= YOUR INSTRUCTIONS =
Repeat the data word for word, excluding every picture.

*** Opening of DATA IN THIS EXERCISE ***

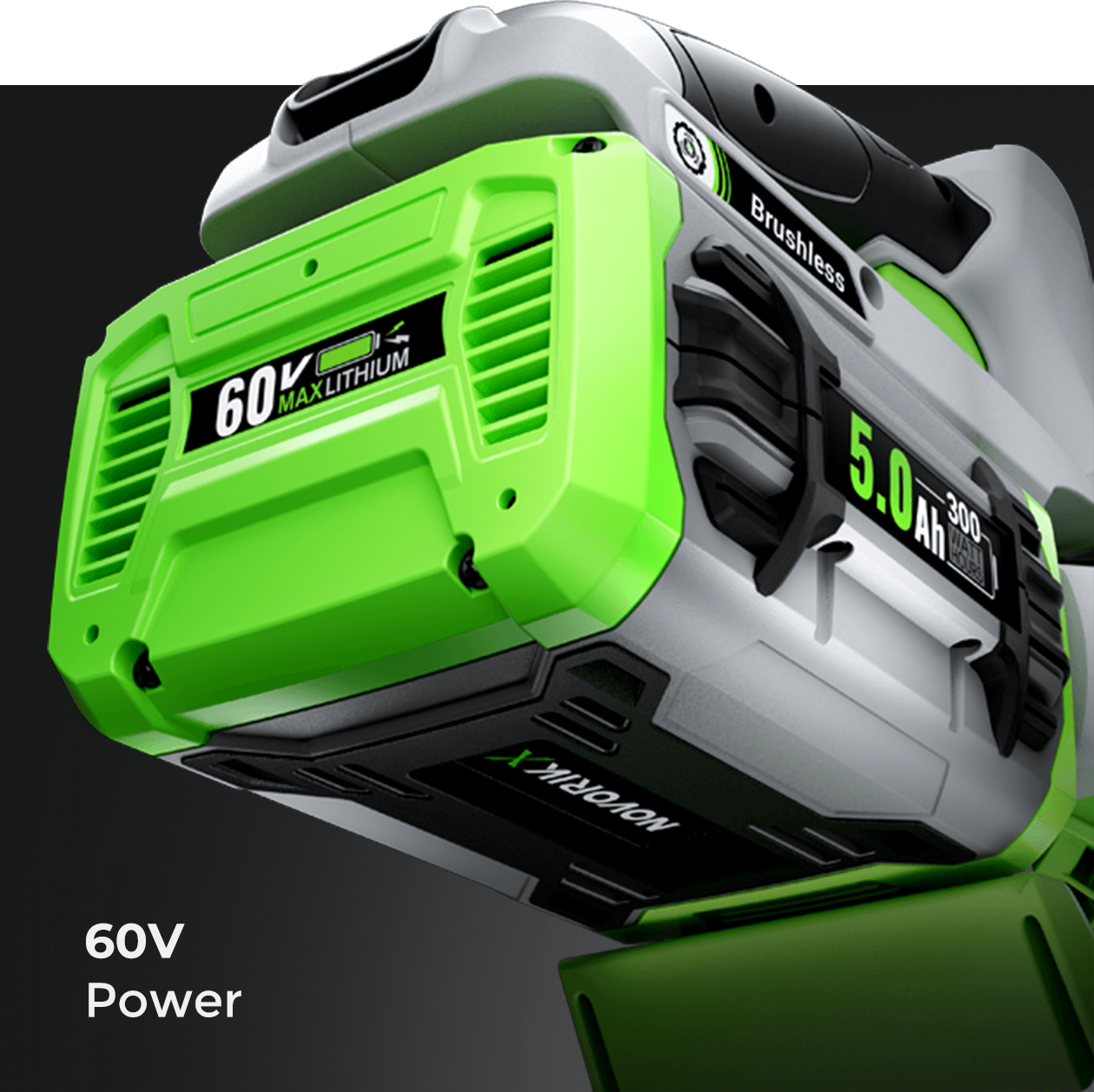 Yes, perfectly compatible! This is a major advantage of the NovorikX 60V ecosystem. The battery used in this machine is interchangeable with any NovorikX 60V outdoor tool you already own, such as a lawnmower, hedge trimmer, or chainsaw.
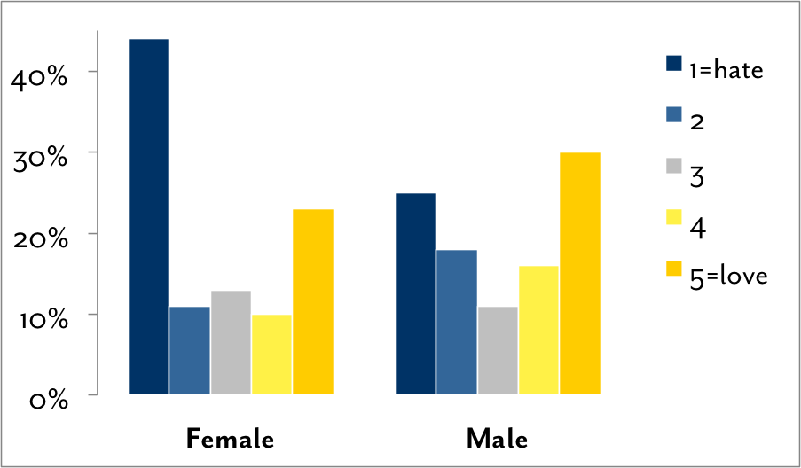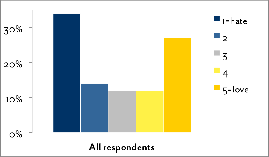 Across the three Blue Angels surveys, there has been no consistent split between lovers and haters. In the first survey, the ratings were almost evenly split between love and hate. In 2015, the fans came out in droves. And this year, the haters just edged out the fans, 34 percent to 27 percent. There was still a considerable trough of people in between, but just 12 percent gave neutral or ambivalent 3s. Once again, opinions about the Blue Angels tend to be pretty strong.
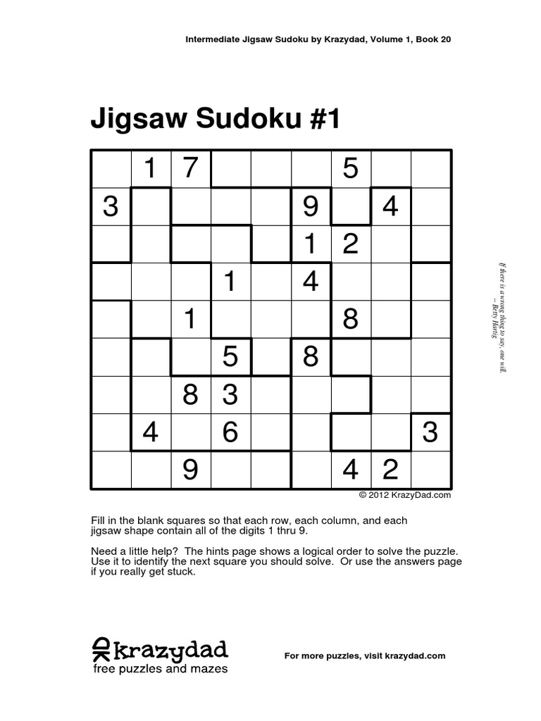 Jigsaw Sudoku Puzzles By Krazydad from krazydad.com Maybe you would like to learn more about one of these? Check spelling or type a new query. We did not find results for: Jigsaw sudoku puzzles by krazydad.
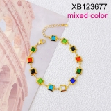 Level B Stainless Steel New Trendy Women Jewelry Green Square Golden Necklace
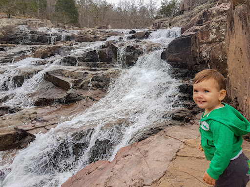 Very neat place to visit. The water was a little low, so it was only flowing over one tiny portion of the rocks. Still plenty of cool refreshing water to swim and play in at the bottom though. In the deepest parts it was between waist and shoulder deep to an adult. Had fun climbing on the rocks, and there was a small natural water slide that the kids enjoyed. Great place to take younger kids, just make sure you keep an eye on them. Slipping and falling on the rocks hurts.
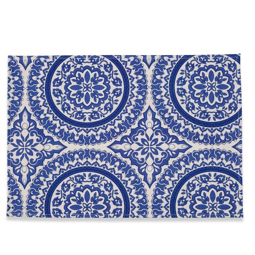 Caravan Collection by Couleur Nature Medallion Placemats, 15-inches by 22-inches, Navy, Set of 4
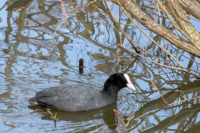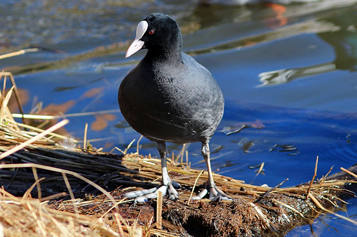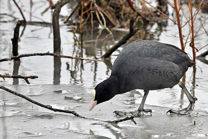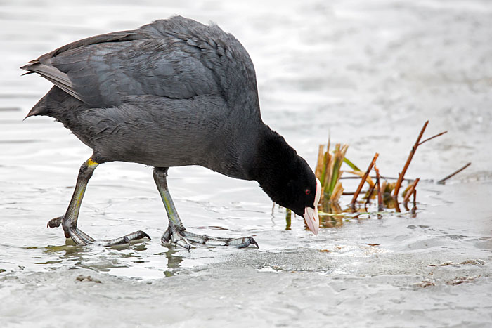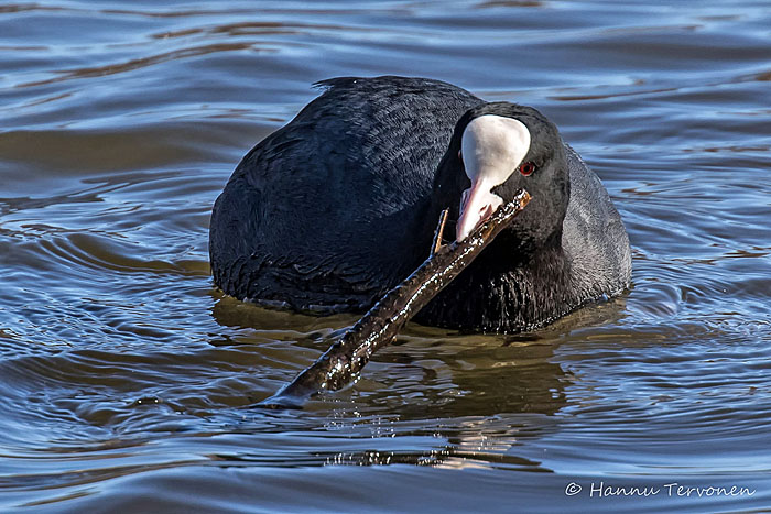 Nokikana keräilee pesänrakennusaineksia järven länsipäässä. Iidesjärvi, Tampere.
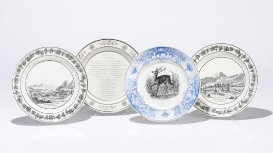 Faïence à décor de paysages, d'un cerf et du poème "Pour toi" pa...
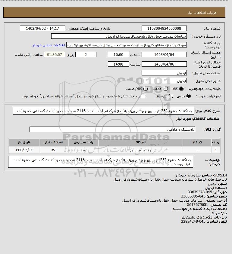نام دستگاه خریدار:سازمان مدیریت حمل ونقل بارومسافرشهرداری اردبیل
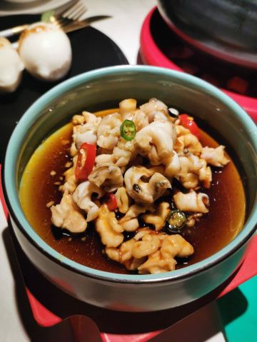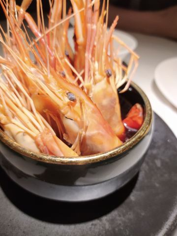 杭州吃货小e【小e美食探店】宁波风味小海鲜 杭越小鲜(来福士中心店) 地址:杭州市江干区新业路228号来福士广场B1层 营业时间:10:30~14:00,16:30~21:00 【环境】这家店在来福士负一楼,算是这一层中装修和面积最大的一家餐厅了,客流量也是比较多的,有散台也有包厢,比较适合约会或者家庭聚餐,以宁波菜和杭帮菜式为主! |十里花雕醉甜虾^68RMB,用的是沼虾而非甜虾,熟醉而成,但是味道出奇的淡,就只有一点点的酒味而且咸度也是不够的,感觉醉的时间还不够,不太好吃! |特色卤大肠^58RMB,特色的杭帮卤大肠的口味,肥肠油润搭配酱汁更入味,适合配饭的一道冷菜! |海苔海龙鱼^58RMB,豆腐鱼裹上了面糊以及海苔末干炸后复炸而成,口感酥香,不过味道偏淡基本没有咸味,建议旁边搭配一小碟酱汁或者椒盐会更好! |生腌血蛤^48RMB,血蛤是宁波、温州一带比较喜欢的贝类,因体液颜色鲜红如血故名“血蛤”,只用热水汆烫十来秒就可以食用,不过和温州的姜酒血蛤做法相比,他家的生腌酱汁有点太过寡淡,提升不了血蛤本身的鲜美! |杭越鲜肉包^20RMB,一笼有三个包子,用土猪肉作为肉馅,在他们家这个点心算是比较热卖的,肉馅还算是挺多的,包子皮也是松软,基本8点不到就售罄了! |象山麻糍^20RMB,这是一道象山传统名小吃,将野草汁挤入糯米捣至年糕状,然后进行炸制撒上红糖粉,不过他们家炸的有点太硬了,搭配红糖粉显得更干,如果搭配红糖浆口感会更好一些! 【服务】店员服务态度还是比较不错的! 【人均】180RMB 推荐指数🌟🌟🌟⭐

*** Close of DATA IN THIS EXERCISE ***

= ANSWER TO THE EXERCISE =
 Yes, perfectly compatible! This is a major advantage of the NovorikX 60V ecosystem. The battery used in this machine is interchangeable with any NovorikX 60V outdoor tool you already own, such as a lawnmower, hedge trimmer, or chainsaw.
 Across the three Blue Angels surveys, there has been no consistent split between lovers and haters. In the first survey, the ratings were almost evenly split between love and hate. In 2015, the fans came out in droves. And this year, the haters just edged out the fans, 34 percent to 27 percent. There was still a considerable trough of people in between, but just 12 percent gave neutral or ambivalent 3s. Once again, opinions about the Blue Angels tend to be pretty strong.
 Jigsaw Sudoku Puzzles By Krazydad from krazydad.com Maybe you would like to learn more about one of these? Check spelling or type a new query. We did not find results for: Jigsaw sudoku puzzles by krazydad.
 Level B Stainless Steel New Trendy Women Jewelry Green Square Golden Necklace
 Very neat place to visit. The water was a little low, so it was only flowing over one tiny portion of the rocks. Still plenty of cool refreshing water to swim and play in at the bottom though. In the deepest parts it was between waist and shoulder deep to an adult. Had fun climbing on the rocks, and there was a small natural water slide that the kids enjoyed. Great place to take younger kids, just make sure you keep an eye on them. Slipping and falling on the rocks hurts.
 Caravan Collection by Couleur Nature Medallion Placemats, 15-inches by 22-inches, Navy, Set of 4
 Nokikana keräilee pesänrakennusaineksia järven länsipäässä. Iidesjärvi, Tampere.
 Faïence à décor de paysages, d'un cerf et du poème "Pour toi" pa...
نام دستگاه خریدار:سازمان مدیریت حمل ونقل بارومسافرشهرداری اردبیل
 杭州吃货小e【小e美食探店】宁波风味小海鲜 杭越小鲜(来福士中心店) 地址:杭州市江干区新业路228号来福士广场B1层 营业时间:10:30~14:00,16:30~21:00 【环境】这家店在来福士负一楼,算是这一层中装修和面积最大的一家餐厅了,客流量也是比较多的,有散台也有包厢,比较适合约会或者家庭聚餐,以宁波菜和杭帮菜式为主! |十里花雕醉甜虾^68RMB,用的是沼虾而非甜虾,熟醉而成,但是味道出奇的淡,就只有一点点的酒味而且咸度也是不够的,感觉醉的时间还不够,不太好吃! |特色卤大肠^58RMB,特色的杭帮卤大肠的口味,肥肠油润搭配酱汁更入味,适合配饭的一道冷菜! |海苔海龙鱼^58RMB,豆腐鱼裹上了面糊以及海苔末干炸后复炸而成,口感酥香,不过味道偏淡基本没有咸味,建议旁边搭配一小碟酱汁或者椒盐会更好! |生腌血蛤^48RMB,血蛤是宁波、温州一带比较喜欢的贝类,因体液颜色鲜红如血故名“血蛤”,只用热水汆烫十来秒就可以食用,不过和温州的姜酒血蛤做法相比,他家的生腌酱汁有点太过寡淡,提升不了血蛤本身的鲜美! |杭越鲜肉包^20RMB,一笼有三个包子,用土猪肉作为肉馅,在他们家这个点心算是比较热卖的,肉馅还算是挺多的,包子皮也是松软,基本8点不到就售罄了! |象山麻糍^20RMB,这是一道象山传统名小吃,将野草汁挤入糯米捣至年糕状,然后进行炸制撒上红糖粉,不过他们家炸的有点太硬了,搭配红糖粉显得更干,如果搭配红糖浆口感会更好一些! 【服务】店员服务态度还是比较不错的! 【人均】180RMB 推荐指数🌟🌟🌟⭐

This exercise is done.